British art historian

Alex Coles is an author and academic drawn to the borders between disciplines and genres.

Coles' current writing is devoted to music. Exploring the archetype of the intimate ballad singer, Crooner was published by Reaktion Books in 2023. Developing an analysis of the twisted love song, Tainted Love: From Nina Simone to Kendrick Lamar (Sternberg Press, 2023) followed and was launched with a roundtable debate at the Whitechapel Gallery and featured on Chris Hawkins' BBC6 breakfast show. Tracing the role of jazz as a catalyst in popular music, Fusion!
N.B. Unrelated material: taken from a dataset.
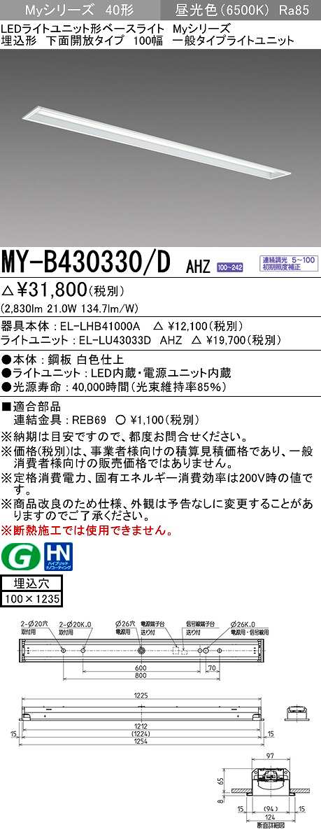 三菱 MY-B430330/D AHZ LEDライトユニット形ベースライト 埋込形 下面開放 一般タイプ 初期照度補正付連続調光 昼光色 受注生産品 [§] [my-b430330-dahz]

From Alice Coltrane to Moor Mother is published by Sternberg Press in October 2024.

Coles' earlier writing focussed on design and art. DesignArt (Tate Publishing, 2005) triggered a debate about the interface between the two disciplines, while the edited anthology Design and Art (MIT Press/Whitechapel Publications, 2007) contextualised responses to it. The Transdisciplinary Studio (Sternberg Press, 2012) and the EP series (Sternberg Press 2013-) followed. Reviews of these books appeared in The New York Times, Icon, The Journal of Design History and Design Journal.

Essays were commissioned for the following exhibition catalogues and monographs: Konstantin Grcic: Champions (Flammarion, 2011); Ronan & Erwan Bouroullec: Bivouac (Centre Pompidou-Metz, 2012); Olafur Eliasson: Unspoken Spaces (Thames & Hudson, 2016); and Objects of Desire: Surrealism and Design (Vitra Design Museum, 2019).

Keynote lectures were presented at the conferences: Transforming Place, Tate Modern, 2013, In Need Of, Design Academy, Eindhoven, 2016, Design & Crafts in Dialogue, Nova Iskra, Belgrade, and Learning and Teaching, The University of the Arts, London, 2018.

== Academic posts ==
Coles is currently visiting professor at the University of Falmouth. Between 2011 and 2023 Coles was Professor in the School of Arts & Humanities at the University of Huddersfield.